### What to work on
The expected response is the complete listing below, restated exactly, with its pictures omitted.
#### Supplied data
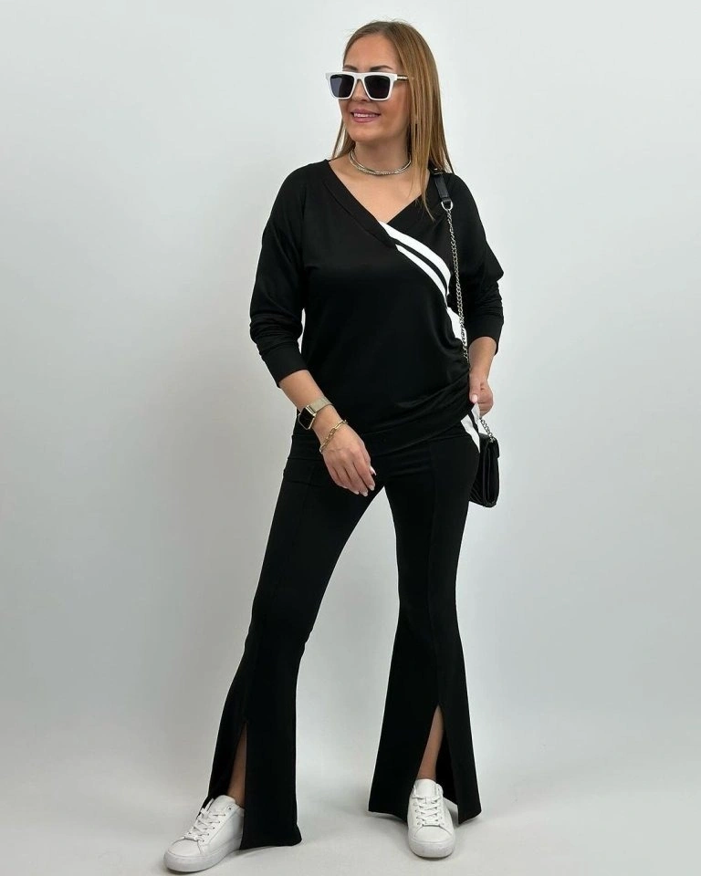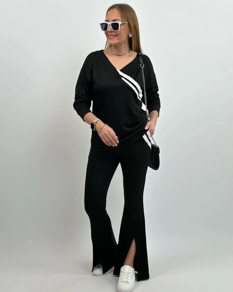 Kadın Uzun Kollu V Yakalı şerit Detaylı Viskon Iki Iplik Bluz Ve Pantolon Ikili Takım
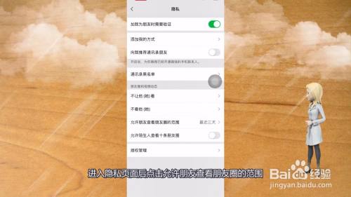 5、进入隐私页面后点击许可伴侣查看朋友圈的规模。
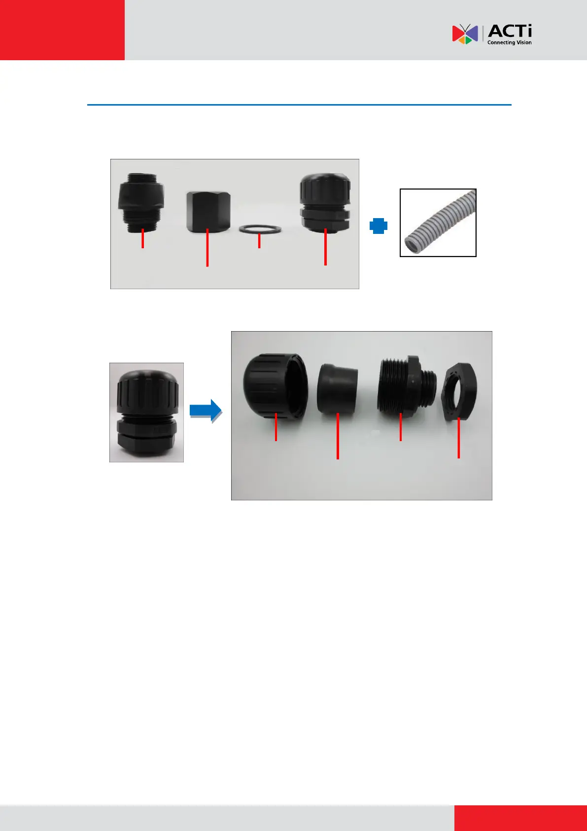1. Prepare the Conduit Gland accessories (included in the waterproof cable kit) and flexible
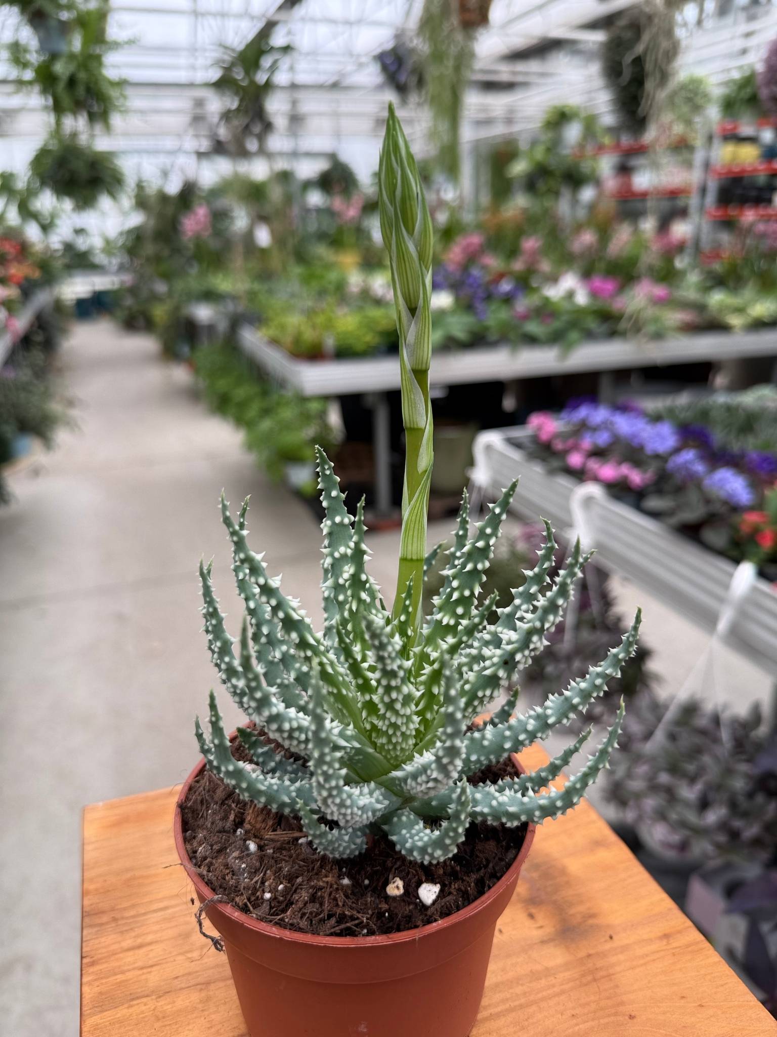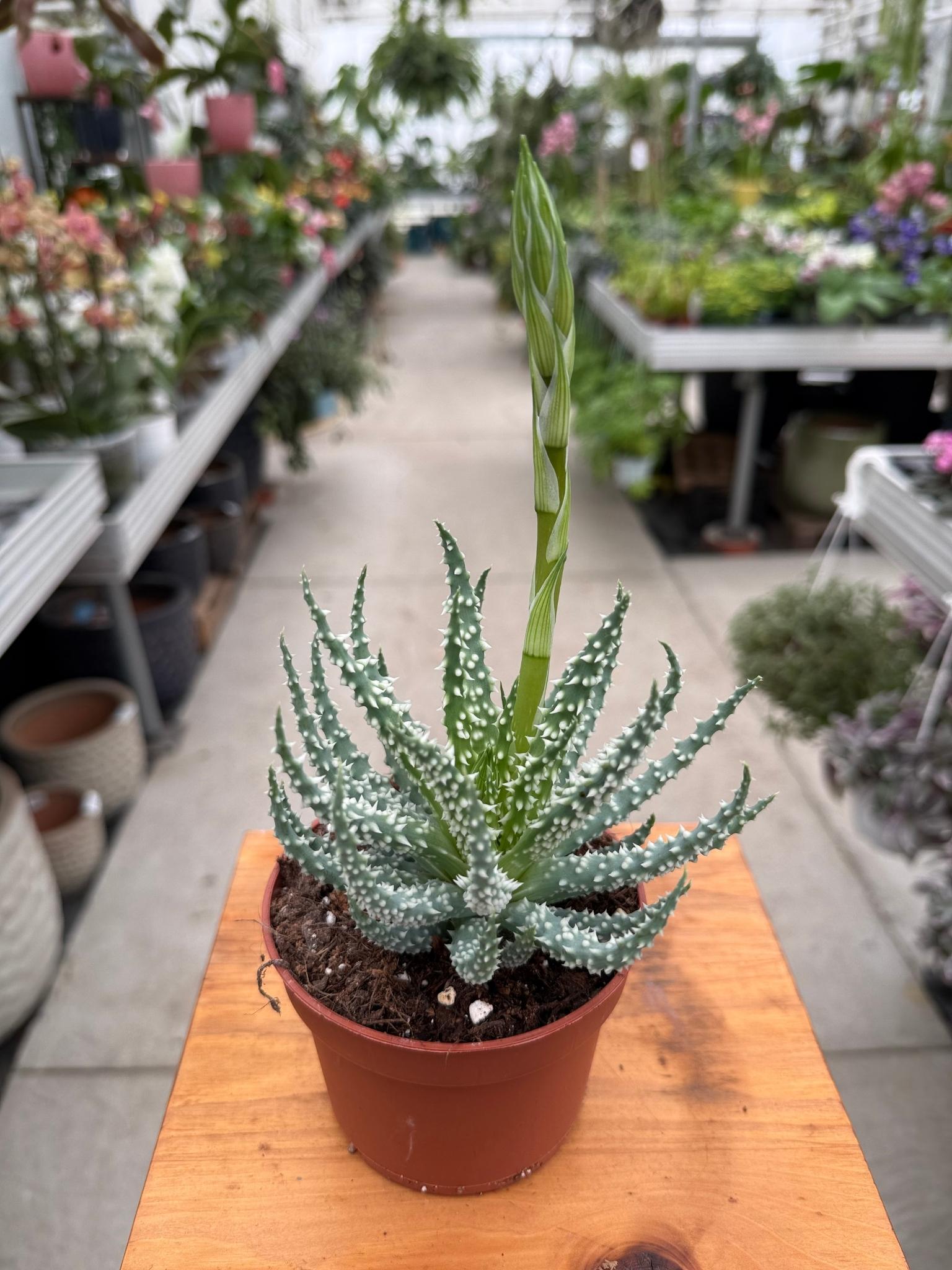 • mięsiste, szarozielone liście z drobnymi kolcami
########
### Exercise answer
 Kadın Uzun Kollu V Yakalı şerit Detaylı Viskon Iki Iplik Bluz Ve Pantolon Ikili Takım
 5、进入隐私页面后点击许可伴侣查看朋友圈的规模。
1. Prepare the Conduit Gland accessories (included in the waterproof cable kit) and flexible
 • mięsiste, szarozielone liście z drobnymi kolcami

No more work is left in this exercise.